A 27-year-old woman with a congenital exstrophic bladder and extensive surgical scarring, adhesions and complex anatomy came to Vanderbilt University Medical Center in early 2021 with a severe ureteral stricture. Rather than remove a kidney, two surgeons teamed up on a customized procedure that saved her kidney, created a functional ureter and restored urine flow – with low morbidity and a three-day recovery.
Vanderbilt surgeons Nicholas Kavoussi, M.D., an assistant professor of urology, and Aimal Khan, M.D., an assistant professor of colon and rectal surgery, credit their success to a history of collaboration and expertise in robotic surgery. “Most people would have removed the kidney or opened this patient up from chest to pubis to perform a complicated reconstruction,” Khan said.
“By using robotics to harvest small bowel tissue and connect it to her existing repurposed bowel tissue and the kidney, we were able to avoid that irreversible option in a minimally invasive manner,” Kavoussi said.
Surgical Landmines
Bladder exstrophy, a congenital condition where the bladder and related structures are everted through the ventral wall of the abdomen, occurs in one in 50,000 births. Surgical repair in infancy is not uniform and is widely understood to be extremely complex.
“When this patient was a young girl, she went through multiple reconstructive surgeries and ultimately ended up with an augmentation of her bladder using bowel tissue,” Kavoussi said. “Her ureteral scar tissue was extensive, involving most of her proximal ureter and renal pelvis where the kidney widens.”
The patient had a BMI over 30 and a history of kidney stones. Her (right) ureteral stricture was five centimeters long. “Had it been a short stricture, we could have cut the scar tissue and plugged the ureter back into itself,” Kavoussi said. To enable a workaround for draining urine, she had a nephrostomy tube percutaneously draining urine from her kidney and had been catheterizing through her umbilicus since she was child.
Her multiple prior surgeries complicated the planning. “Lots of times when we do reconstructions, we utilize the renal pelvis to make flaps that help constitute the new ureter during our reconstruction. But with all the scar tissue leading up to the renal pelvis, we couldn’t do that,” Kavoussi said. The fact that one bowel graft had already been harvested to reconstruct part of her bladder represented a further complication.
“We were able complete this surgery using only seven incisions, each under a centimeter. This is truly a minimally invasive surgery, with much less pain, faster recovery, and a lower risk of infection or hernia.”
Additional planning challenges had to be met. The renal pelvis, where the ureter normally attaches, had been scarred in a past surgery, leaving no patent opening for attachment. Another concern was that the patient had a previous bowel graft procedure that connected her ileum into her bladder (to increase its capacity) and that used her appendix as a drainage tube from her bladder to umbilicus. “These prior surgeries distorted her GI anatomy, adding to the complexity of an already challenging surgery,” Khan said.
The Ileo-calycostomy
The conventional option would have been to remove the kidney, eliminating the need for major reconstruction. The patient, however, wanted to keep both kidneys. To save the at-risk kidney, which filtered about 40 percent of her blood, the team tackled the challenge of harvesting more bowel and creating an ileal ureter.

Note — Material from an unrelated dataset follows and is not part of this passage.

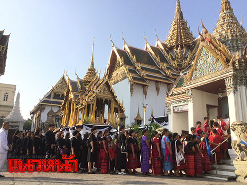 12 ธ.ค.59 ผู้สื่อข่าวรายงานว่า วันนี้ได้มีประชาชนจำนวนมากเดินทางมาเข้าคิวรอเพื่อกราบสักการะพระบรมศพพระบาทสมเด็จพระปรมินทรมหาภูมิพลอดุลยเดช ณ พระที่นั่งดุสิตมหาปราสาท ในพระบรมมหาราชวัง โดยเจ้าหน้าที่ได้เปิดให้ประชาชนที่นั่งรถวิลแชร์เข้ากราบสักการะพระบรมศพเป็นชุดแรก เวลา 04.45 ตามด้วยเป็นประชาชนทั่วไป เวลา 04.50 ทั้งนี้ สำนักพระราชวังได้แจกภาพพระบรมฉายาลักษณ์พระบาทสมเด็จพระปรมินทรมหาภูมิพลอดุลยเดช พิมพ์ 4 สี ขนาด 5 คูณ 7 นิ้ว ที่ทรงพระกรุณาโปรดเกล้าฯ พระราชทานแก่พสกนิกรเพื่อเก็บไว้เป็นที่ระลึก พร้อมข้าว "พอเพียง" ซึ่งเป็นข้าวพันธุ์ดีนำกลับไปเป็นขวัญข้าวด้วย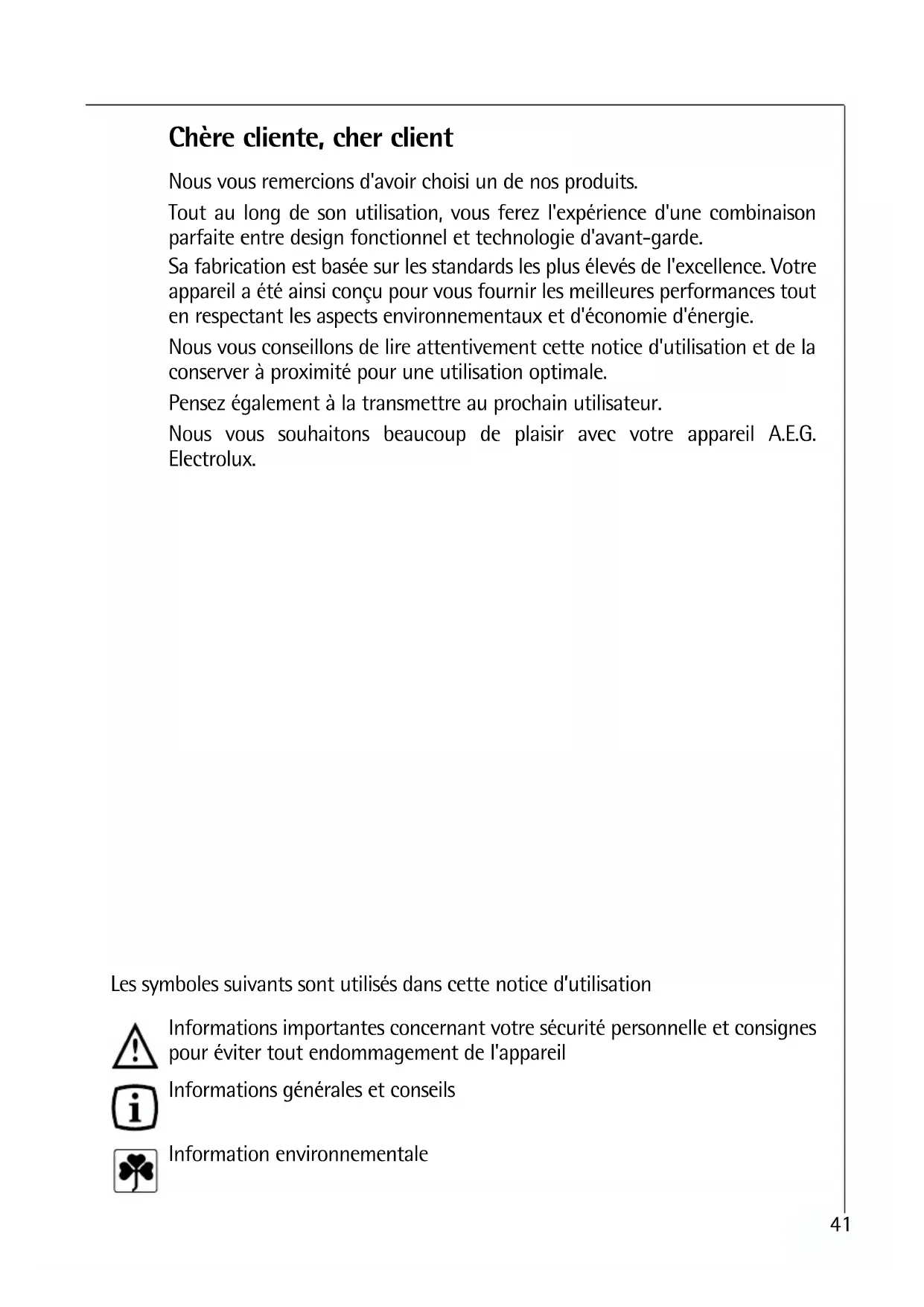- Condenser The condenser normally has the form of a grid. The refrigerant compressed in the compressor is liquefied in the condenser. During this process, heat is released to the surrounding air at the surface of the condenser. The con- denser is mounted on the base of the appliance.41 Chère cliente, cher client Nous vous remercions d'avoir choisi un de nos produits. Tout au long de son utilisation, vous ferez l'expérience d'une combinaison parfaite entre design fonctionnel et technologie d'avant-garde. Sa fabrication est basée sur les standards les plus élevés de l'excellence. Votre appareil a été ainsi conçu pour vous fournir les meilleures performances tout en respectant les aspects environnementaux et d'économie d'énergie. Nous vous conseillons de lire attentivement cette notice d'utilisation et de la conserver à proximité pour une utilisation optimale. Pensez également à la transmettre au prochain utilisateur. Nous vous souhaitons beaucoup de plaisir avec votre appareil A.E.G. Electrolux. Les symboles suivants sont utilisés dans cette notice d’utilisation Informations importantes concernant votre sécurité personnelle et consignes pour éviter tout endommagement de l'appareil Informations générales et conseils Information environnementale42 Sommaire Sécurité. . . . . . . . . . . . . . . . . . . . . . . . . . . . . . . . . . . . . . . . . . . . . . . . . . . . . 43 Protection de l’environnement . . . . . . . . . . . . . . . . . . . . . . . . . . . . . . . . . . 45 Information sur l’emballage de l’appareil . . . . . . . . . . . . . . . . . . . . . . . . . . . 45 Mise au rebut des anciens appareils. . . . . . . . . . . . . . . . . . . . . . . . . . . . . . . . 45 Retrait de la protection pour le transport . . . . . . . . . . . . . . . . . . . . . . . . . 46 Installation . . . . . . . . . . . . . . . . . . . . . . . . . . . . . . . . . . . . . . . . . . . . . . . . . . 46 Emplacement. . . . . . . . . . . . . . . . . . . . . . . . . . . . . . . . . . . . . . . . . . . . . . . . . . . 46 L’appareil frigorifique a besoin d’air. . . . . . . . . . . . . . . . . . . . . . . . . . . . . . . . 47 Encastrement. . . . . . . . . . . . . . . . . . . . . . . . . . . . . . . . . . . . . . . . . . . . . . . . . . . 48 Branchement électrique . . . . . . . . . . . . . . . . . . . . . . . . . . . . . . . . . . . . . . . . . . 48 Description de l’appareil . . . . . . . . . . . . . . . . . . . . . . . . . . . . . . . . . . . . . . . 49 Vue de l’appareil . . . . . . . . . . . . . . . . . . . . . . . . . . . . . . . . . . . . . . . . . . . . . . . 49 Avant la mise en service . . . . . . . . . . . . . . . . . . . . . . . . . . . . . . . . . . . . . . . 50 Mise en service et réglage de la temperature . . . . . . . . . . . . . . . . . . . . . . 50 Arrêt de l’appareil . . . . . . . . . . . . . . . . . . . . . . . . . . . . . . . . . . . . . . . . . . . . 51 Equipement intérieur. . . . . . . . . . . . . . . . . . . . . . . . . . . . . . . . . . . . . . . . . . 52 Clayettes. . . . . . . . . . . . . . . . . . . . . . . . . . . . . . . . . . . . . . . . . . . . . . . . . . . . . . . 52 Porte intérieure réglable . . . . . . . . . . . . . . . . . . . . . . . . . . . . . . . . . . . . . . . . . 52 Porte-bouteille . . . . . . . . . . . . . . . . . . . . . . . . . . . . . . . . . . . . . . . . . . . . . . . . . 53 Contrôle de l’humidité.. . . . . . . . . . . . . . . . . . . . . . . . . . . . . . . . . . . . . . . . . . . 53 Boîte variable . . . . . . . . . . . . . . . . . . . . . . . . . . . . . . . . . . . . . . . . . . . . . . . . . .53 Rangement correct . . . . . . . . . . . . . . . . . . . . . . . . . . . . . . . . . . . . . . . . . . .54 Dégivrage . . . . . . . . . . . . . . . . . . . . . . . . . . . . . . . . . . . . . . . . . . . . . . . . . .55 Le compartiment réfrigérateur dégivre automatiquement . . . . . . . . . . . . . .55 Entretien et nettoyage. . . . . . . . . . . . . . . . . . . . . . . . . . . . . . . . . . . . . . . . . 55 Conseils d’économie d’énergie . . . . . . . . . . . . . . . . . . . . . . . . . . . . . . . . . . 56 Que faire si .... . . . . . . . . . . . . . . . . . . . . . . . . . . . . . . . . . . . . . . . . . . . . . . . 57 En cas d’anomalie de fonctionnement . . . . . . . . . . . . . . . . . . . . . . . . . . . . . . 57 Remplacement de l’ampoule d’éclairage . . . . . . . . . . . . . . . . . . . . . . . . . . . . 58 Bruits de fonctionnement . . . . . . . . . . . . . . . . . . . . . . . . . . . . . . . . . . . . . . 59 Règlements, normes, directives. . . . . . . . . . . . . . . . . . . . . . . . . . . . . . . . . . 59 Termes techniques . . . . . . . . . . . . . . . . . . . . . . . . . . . . . . . . . . . . . . . . . . . . 6043 Sécurité La sécurité de nos appareils est conforme aux règles reconnues de la technique et à la loi sur la sécurité des appareils. Nous nous voyons cependant obligés de vous familiariser avec les conseils de sécurité sui- vants: Utilisation conforme à la destination

Kavoussi and Khan performed the day-long procedure from two robotics stations. It began with the bowel harvest. “The challenge for me was to try to identify a healthy, 20-centimeter piece of bowel, detach it from the GI tract, and mobilize it toward the kidney,” Khan said.
In parallel, Kavoussi was working to expose the targets on the kidney. Once the graft was positioned, he removed the bottom 15 percent of the kidney. “I widened the base to reduce the risk that mucus produced by the ileal tissues would plug up the conduit,” he said.
“We were able complete this surgery using only seven incisions, each under a centimeter. This is truly a minimally invasive surgery, with much less pain, faster recovery, and a lower risk of infection or hernia,” Khan said.
A Definitive Treatment
The procedure restored the patient to her customary elimination through the umbilical region, without indwelling tubes, and supplied what the surgeons hope will be a definitive treatment.
Three months later, the patient is thriving and free of any nephrostomy tubes in her back. “The risks now are that she will develop mucus plugs or a potential blockage from scarring at the anastomotic site as her kidney changes over time,” Kavoussi said. “If she is going to have a big problem, it would be in the first couple of years. After that, we would expect her to be in the clear.”